De novo assembly and characterisation of drug resistance in human herpesvirus type 1 (HHV-1)
Between 60‑90% of the general population are infected with human herpesvirus type 1 (HHV‑1)1. Despite the majority of infections being asymptomatic, up to 45% of the population suffer from recurrent labial lesions2. While a number of drugs are available to treat infection with HHV‑1, they are all susceptible to resistant mutations. HHV‑1 is a large double‑stranded DNA virus (152 kb), with a structurally complex and GC‑rich genome. This makes the assembly of HHV‑1 whole genomes from short‑read sequencing data technically challenging.
To improve the assembly and analysis of HHV‑1 genomes, enabling the characterisation of drug resistance mutations, researchers at the University of Oxford, UK, and Public Health England, UK, combined long‑read nanopore sequencing data with data derived from a short‑read sequencing platform3. The team sequenced 18 HHV‑1 samples cultured from immunocompromised patients undergoing antiviral therapy. Genome assembly was performed using the MIRA48 and LINKS49 tools.
The length of the nanopore reads allowed the merging of existing short‑read derived contigs that had been disrupted by repetitive elements. This allowed the generation of improved genome assemblies as evidenced by fewer contigs and increased N50 values (Table 1).
The team was also able to characterise regions of structural variance, including duplications, deletions and rearrangements. In addition, high levels of nucleotide variation were found in UL23, a gene, within which, the majority of drug resistance mutations occur. The researchers believe that these variations most likely arose during the antiviral therapy that had been administered prior to sample acquisition3.
According to the team, this study proves that nanopore sequencing is capable of improving the reference‑free de novo assembly of the viral genome and can pass through repetitive elements that terminate the contigs generated by the short‑read sequencing platform3.

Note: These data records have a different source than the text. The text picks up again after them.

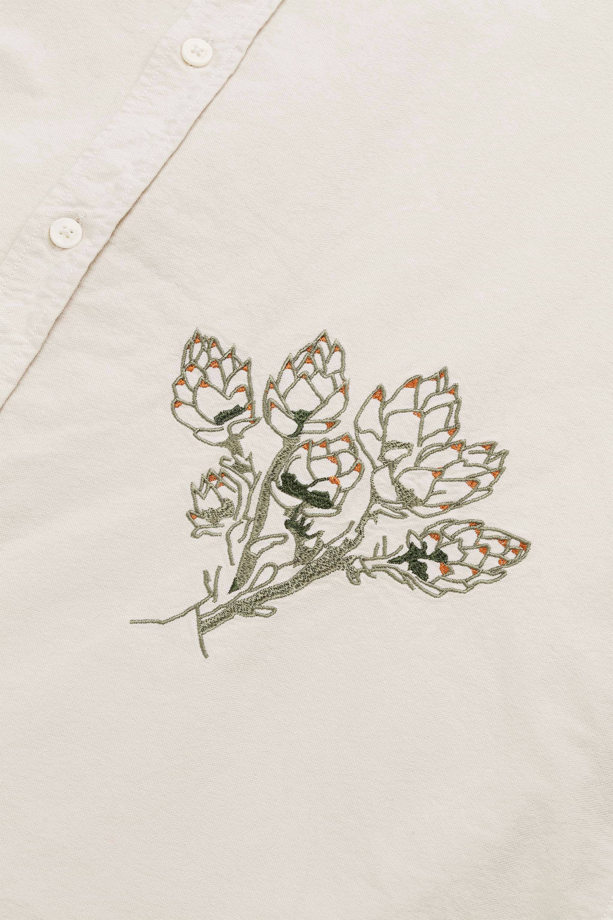 We have come together with SLOP Magazine for another limited-edition collaboration, reimagining our bestselling Deon shirt with elevated details and original embroidered artwork. Crafted in Portugal from 100% organic woven cotton, we’ve combined timeless design with a contemporary edge in our classic oxford shirt. Featuring a relaxed fit and a western-style yoke, the Deon Shirt exudes effortless versatility. Standout details include "NN.07 + SLOP" embroidered on the side, an artichoke motif delicately embroidered on the collar, and a striking artichoke flower embroidered on the left side of the shirt, transforming our classic staple into a true statement piece.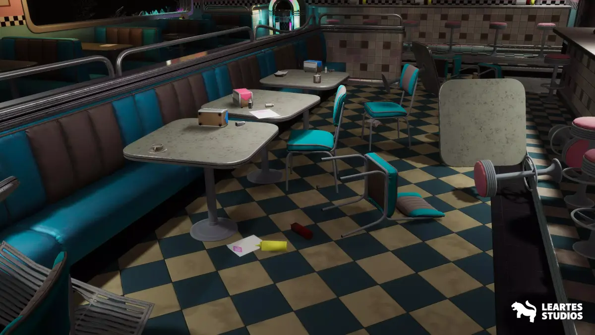 Rino's Diner Environment with 147 Unique Meshes. Including all showcased assets, and high-quality assets. With a good level of detail and optimized for Game Ready Projects.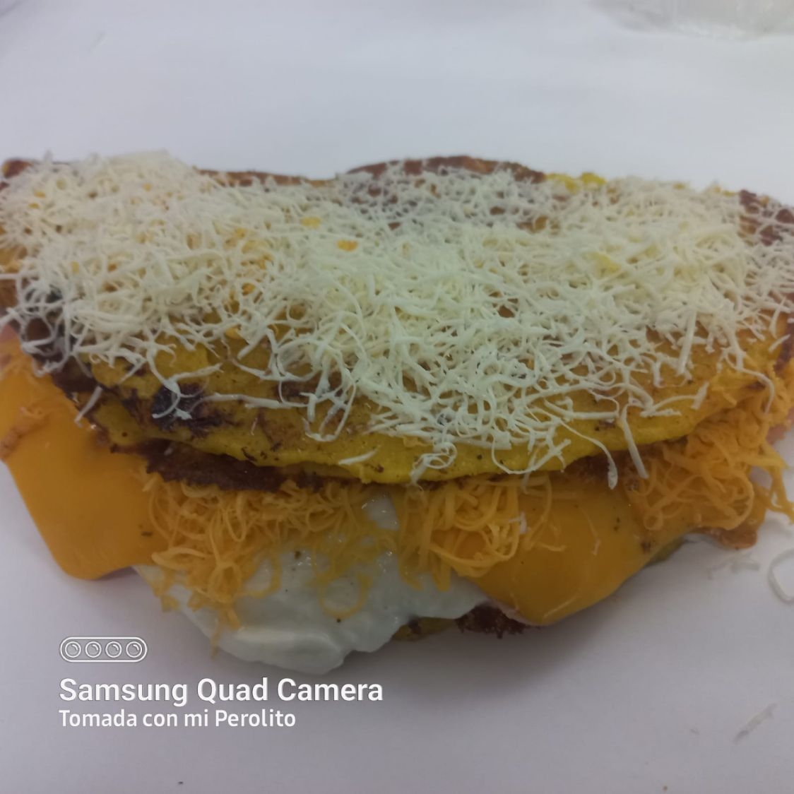 Arepa de maíz blanco, con huevos revueltos.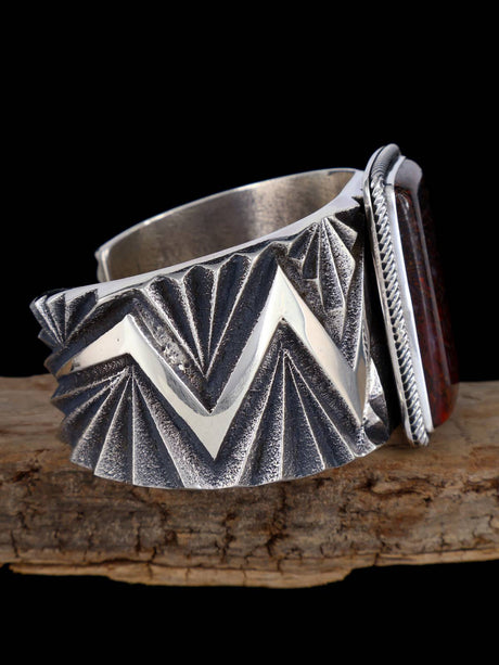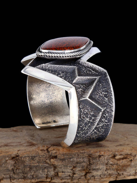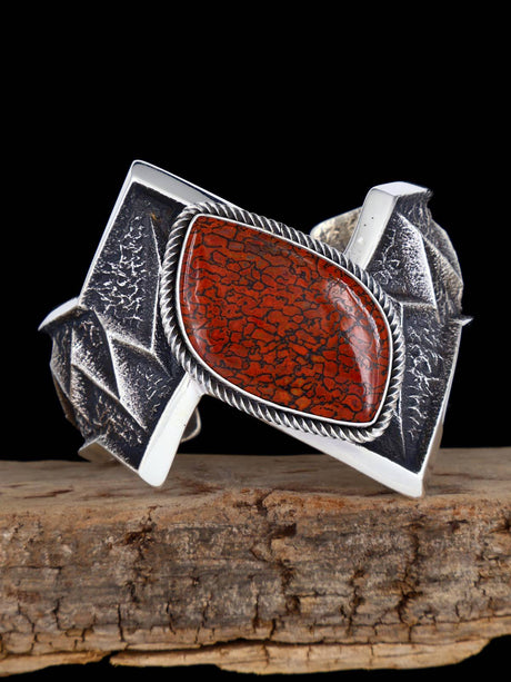 Native American Sterling Silver Coral Cobblestone Inlay Cuff Bracelet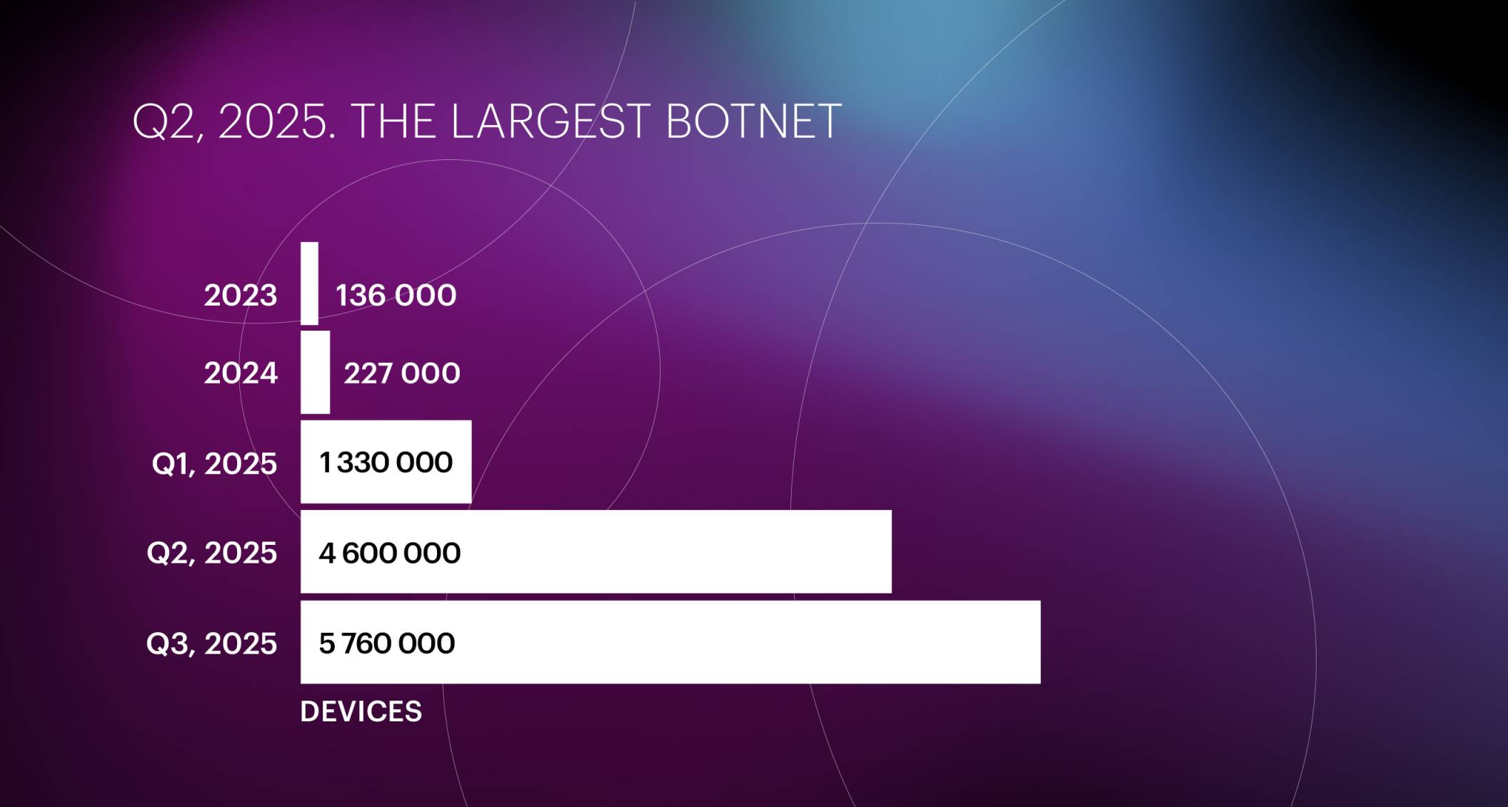 In Q3, on September 1, 2025, we observed another large-scale attack from the same DDoS botnet. During mitigation, we blocked 5.76 million IP addresses — meaning the botnet’s size more than quadrupled in less than six months.
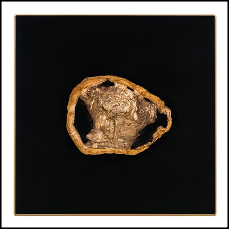 Bois pétrifié incrusté dans le plateau et peinture noir brillante.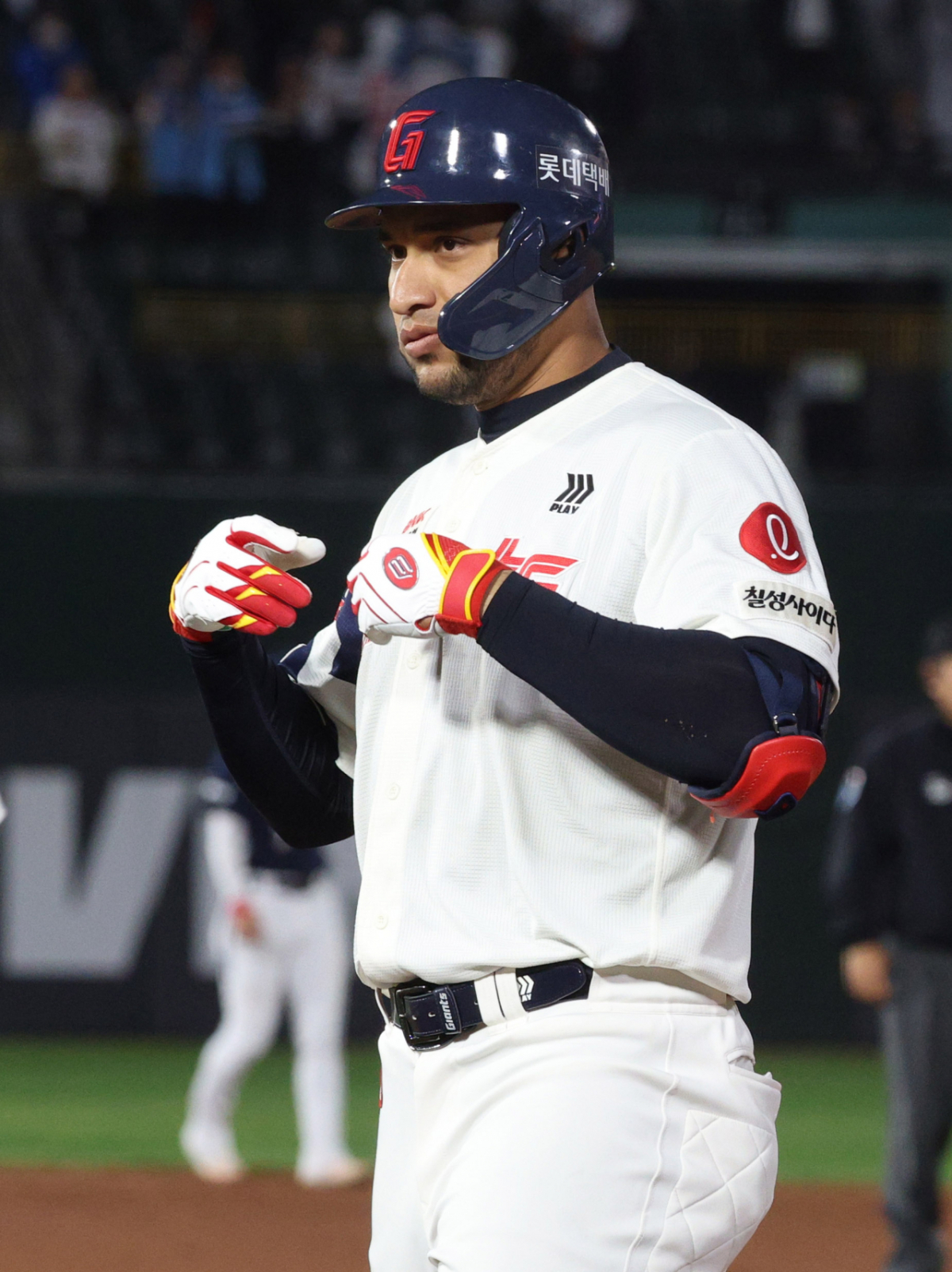 롯데 레이예스가 4회말 2사 2루에서 1타점 적시타를 날리고 출루한 후 세리머니를 하고 있다.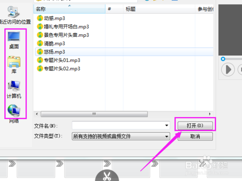 6、把自己对应的录音添加进来。找到那个录音,点击【打开】。

Table (below): Addition of nanopore long‑read data to existing short‑read data allowed the generation of improved genome assemblies. Data from a single HHV‑1 sample (p1A_454) shown. Table adapted from Karamitros et al.3
| Assembly | # contigs | Largest contig (bp) | Total length (bp) | N50 |
|---|---|---|---|---|
| Short read | 21 | 62,373 | 136,935 | 43,352 |
| Short + long nanopore reads | 18 | 111,746 | 136.978 | 111,746 |
This case study is taken from the Microbiology white paper.
- Chayavichitsilp, P., Buckwalter, J.V., Krakowski. A.C., & Friedlander, S.F. Herpes simplex. Pediatr Rev. 30(4): 119‑29 (2009).
- Harmenberg, J., Oberg, B. & Spruance, S. Prevention of ulcerative lesions by episodic treatment of recurrent herpes labialis: A literature review. Acta dermato-venereologica. 90(2):122–30 (2010).
- Karamitros, T. et al. De novo assembly of Human Herpes Virus Type 1 (HHV‑1) genome, mining of noncanonical structures and detection of novel drug‑resistance mutations using short‑ and long‑ read next generation sequencing technologies. PLoS One 11(6) (2016).